En toch ben ik net zoals anderen nog steeds benieuwd naar fotos van de Dimmercity's en al de andere technische onderdelen van zo'n productie.. [|)]

----------


## Carlo Zaenen

Tijdens de show zit Patrick naast mij en hij schuift al het key licht en de effecten zoals dwe's en 12Lites.  Het is ook Patrick die de laser cues drukt en verder noteert hij puntjes die we later dienen bij te programmeren/veranderen.  Hij leest dit forum idd ook wel eens maar heeft nog niet de tijd gevonden om te antwoorden.  Zal eens horen of hier iemand van de crew is die enkele foto's van dimcity enzo heeft.

----------


## piebe

Ja ***ver..... ! (hahaha) Iemand moet toch Carlo vertellen wat hij moet programmeren, en tijdens de show ben ik hartstikke druk hoor, het komt er op neer dat ik de verantwoordelijke ben voor het totaalplaatje, dat wil zeggen licht, decor, in dit geval ook de video-graphics, laser, volgspots, rook, zeepbellen, droogijs, alle bewegingen met de Cyberhoists etc... Dus ik ben wel blij dat Carlo de show operate ! En trouwens dat heb ik ook niet meer in de vingers, en hij is een van de beste operators ter wereld, ik zou gek zijn om dat zelf te doen.
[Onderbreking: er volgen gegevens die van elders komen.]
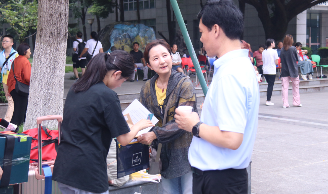 报到如约而至,学院领导、党委办公室老师、小班班主任以及志愿者们早早就在接待点,志愿者引导新生完成报到注册,学院领导在家长休息区与家长们交流,解答疑惑。

Sterker nog, ik zou een show als deze nooit zonder Carlo kunnen doen ! En uiteraard ook niet zonder de gehele EML-crew waar we al jaren mee samenwerken. Ik zal eens kijken wat er aan foto's is, heb zelf ondertussen al zeker een paar honderd van de opbouw e.d.  
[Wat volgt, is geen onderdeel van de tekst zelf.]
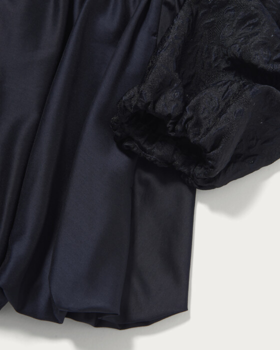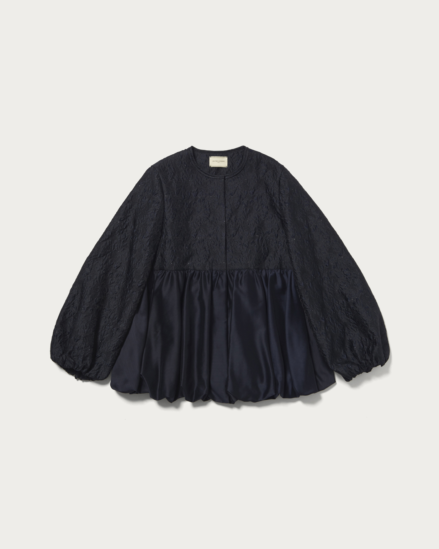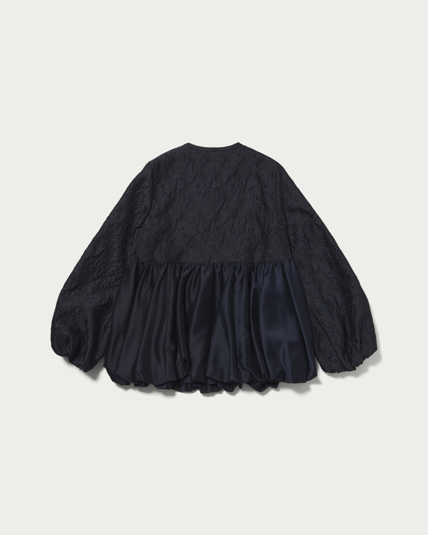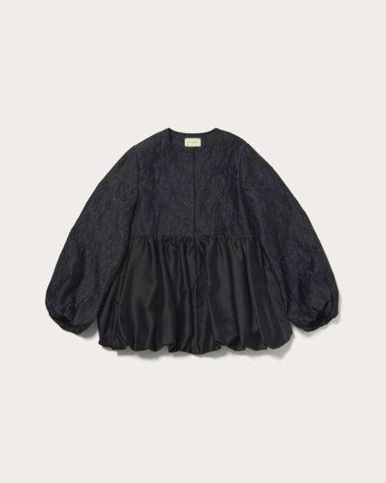 A standout blouson jacket in lightweight jacquard. This piece features a charming texture with a light touch of puckered jacquard and sections accented with lamé. The balloon silhouette, crafted from soft material, is enhanced with peplum details in contrasting fabrics, offering a feminine impression. The front is designed with concealed snap buttons, adding a subtle sparkle when opened. We recommend pairing it with matching pants or a dress made from the same material for a coordinated look.

> citaat:_Geplaatst door Carlo Zaenen_
> 
> Tijdens de show zit Patrick naast mij en hij schuift al het key licht en de effecten zoals dwe's en 12Lites.  Het is ook Patrick die de laser cues drukt en verder noteert hij puntjes die we later dienen bij te programmeren/veranderen.  Hij leest dit forum idd ook wel eens maar heeft nog niet de tijd gevonden om te antwoorden.  Zal eens horen of hier iemand van de crew is die enkele foto's van dimcity enzo heeft.

----------


## LJ Tom

Dag Carlo en Patrick,

Was gisteren toevallig met Jacky en Ben (Hommers) in een gesprek, en toen kwam het aspect draadloos netwerk tersprake. Ik heb toen ook begrepen dat de vl´s enz via een pda en het draadloze netwerk kunnen geresset ect kunnen worden door de techniekers.

Is dit echter niet gevaarlijk, of zijn deze netwerken beveiligd tegen storingen en kwaadwilligen?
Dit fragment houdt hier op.